Back home, his mother, Nancy, would recall her son practicing at all hours. He talked about music, read about music, listened to classical, jazz and blues. In high school, Conley was invited to join the Honolulu Symphony. He played gigs in a pickup jazz band with adults more than 10 years his senior.
After graduating, he made it to the semifinals of the prestigious Thelonious Monk International Jazz Competition. He returned to the International Society of Bassists as a performer; later, he won its jazz competition. He played on movie soundtracks and performed with Sting, Peter Gabriel and Grammy-winning classical pianist Emanuel Ax. Invited to join cellist Yo-Yo Ma’s Silk Road Ensemble, he shared that group’s 2017 Grammy for Best World Music Album for “Sing Me Home.” “I was so lucky to have a teacher like George Wellington and parents who pushed me to go to that convention,” Conley says. “They totally supported me and helped me go for it.”
Luck wasn’t the only factor, of course. It delivered him to the moment that ignited his passion; from there it was his fascination with the big, rumbly-sounding bass, a drive that led him to the world’s best teachers and a complete openness to experimentation and even failure that delivered Conley to where he is now – a nationally sought-after master of the largest, most low-pitched string instrument being played today.
At 6 feet, a double bass is 2 feet longer than a cello. In classical music, it’s played with a bow and by plucking the strings; in jazz, blues and folk music the strings are plucked, sometimes with both hands at the same time. At first, well-meaning musicians, confounded by Conley’s pursuit of all genres, told him to focus and choose. That’s how most of the music world works: People become solo artists, or orchestra players, or jazz musicians.
But the world of the bass is a little different. As he studied with Paul Ellison at Rice University and Rabbath, the Syrian virtuoso he’d encountered as a teenager, in France, Conley realized he needed solid foundations in both classical and contemporary to explore the paths he wanted his music to take. “Luckily all of my teachers were savvy enough to be like, ‘No, it’s cool, do everything,’” he says. “‘If something doesn’t work out, it won’t work out and that’s fine. Don’t X something out because somebody said you shouldn’t do it.’”

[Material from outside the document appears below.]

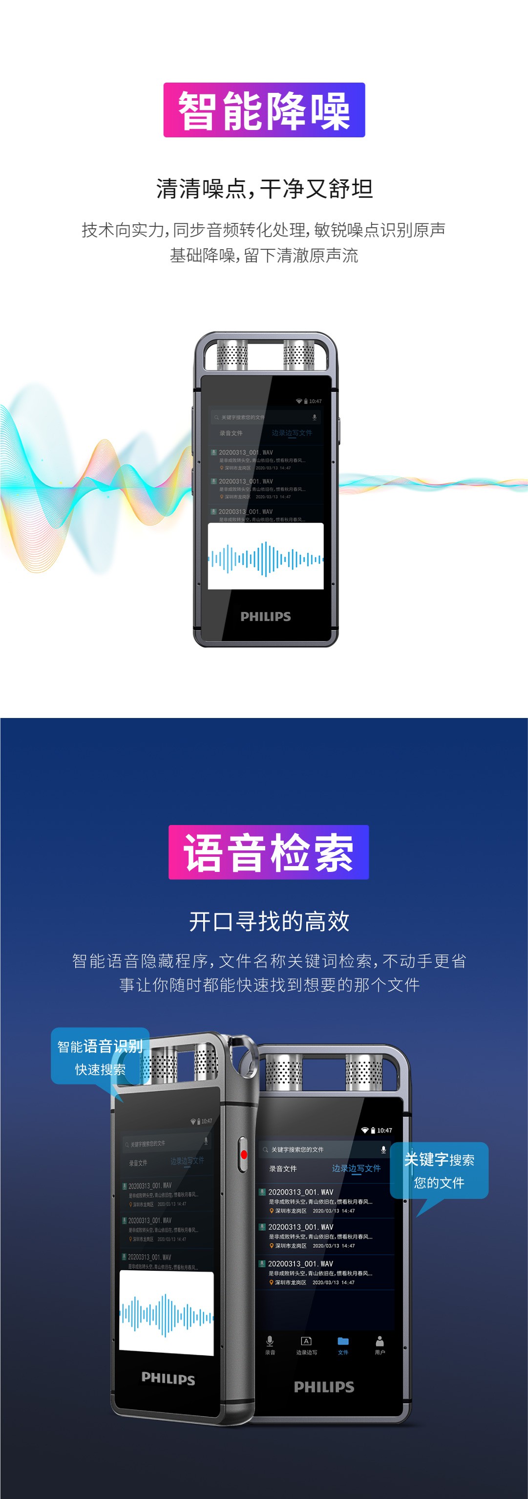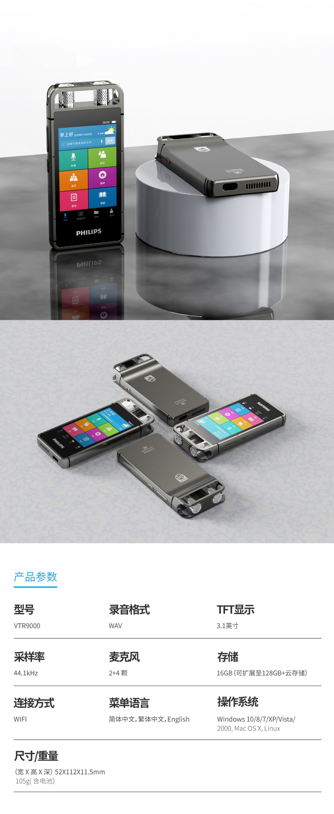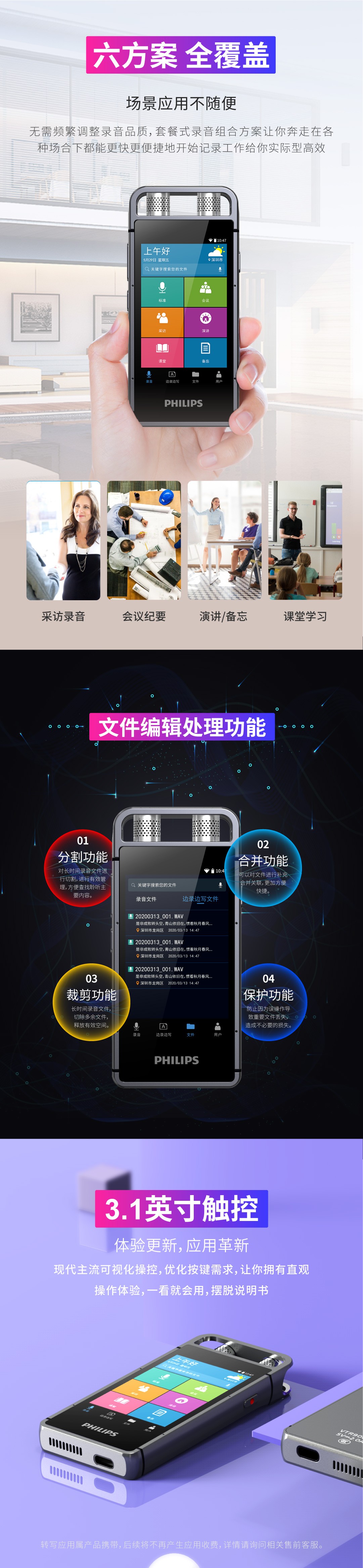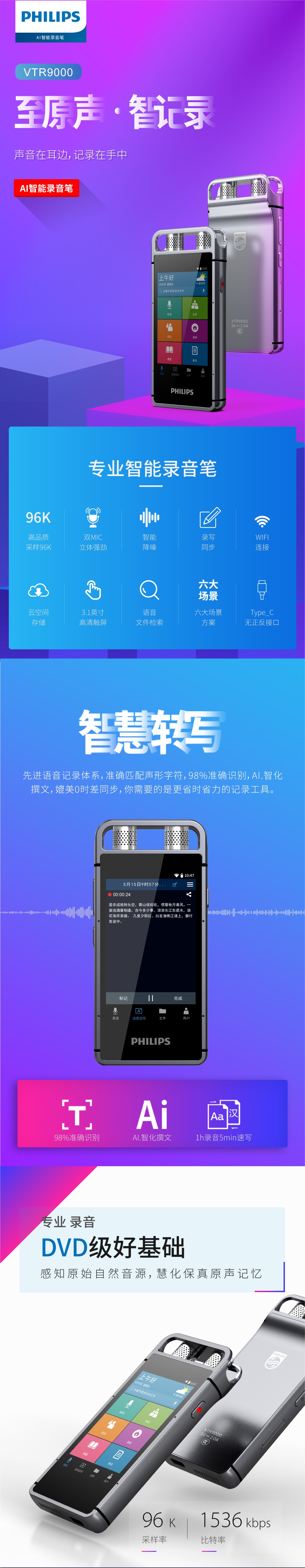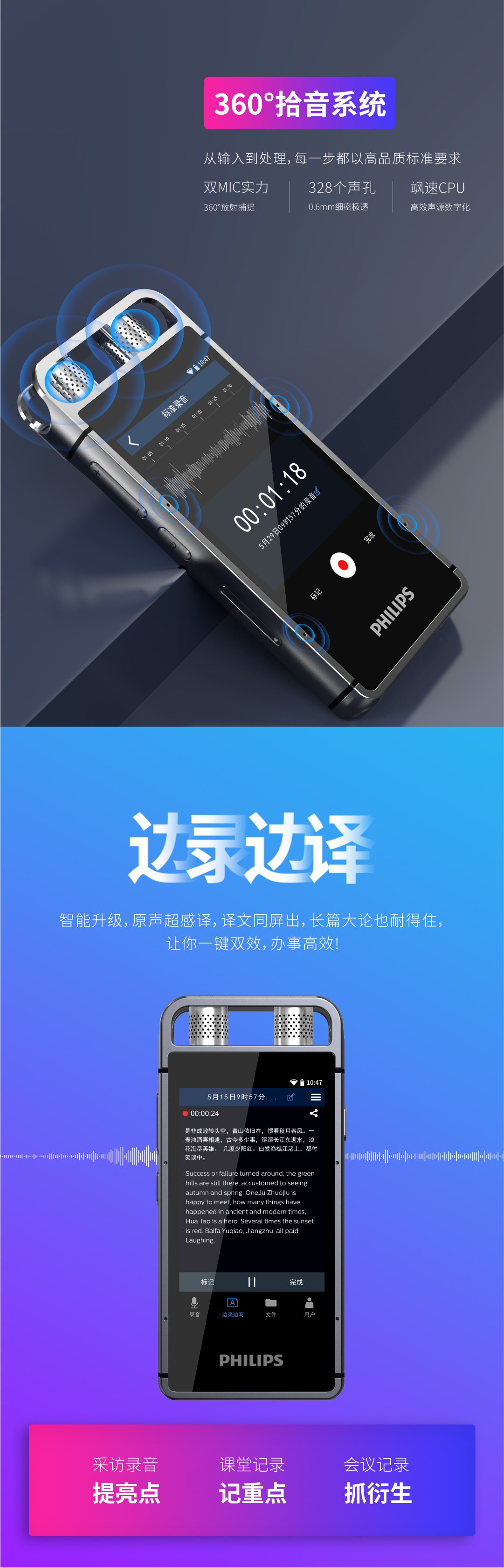 出眾的不僅是專業(yè)級(jí)的錄音效果,智能轉(zhuǎn)寫轉(zhuǎn)譯的便捷,高清彩屏,任意方向觸控同樣帶給您非一般的后現(xiàn)代體驗(yàn)。

So he did everything, seemingly everywhere. Based in Brooklyn, Conley was flying around performing, composing and arranging, teaching workshops, recording soundtracks for “True Grit” and “Moonrise Kingdom,” collaborating with opera singers, jazz vocalists and folk musicians. The Silk Road Ensemble, part of Yo-Yo Ma’s genre- and border-defying music, took him around the country on tour. He joined the band of French jazz singer Cyrille Aimée, and the touring intensified, through Europe and the United States.
All that changed with fatherhood. His son, Osian (pronounced ocean), was born into a dual musical household. Conley’s wife, Megan, is principal harpist with the Houston Symphony, and the family splits its time between Brooklyn and Texas. Now Conley is forced to choose, not between genres but between being on the road and being home with the nearly 2-year-old Osian. That’s narrowed his focus. Now, he mostly does composing and arranging, plays with the Brooklyn-based classical chamber orchestra, The Knights, and tours with Silk Road. There’s a sense of a new kind of centeredness, of a balance between the headiness of making music with world-renowned artists and coming home to be silly with Osian and cook for him and put him to bed. “It is definitely a huge difference getting off the plane in China and getting off the plane in Brooklyn and going to the park and being like, ‘Alright, let’s throw the ball,’” Conley says. “It’s a total dream job, all the groups I get to play with. I meet my heroes who become my friends, and then I meet new heroes. I wasn’t expecting to be doing what I’m doing. It’s kind of amazing.”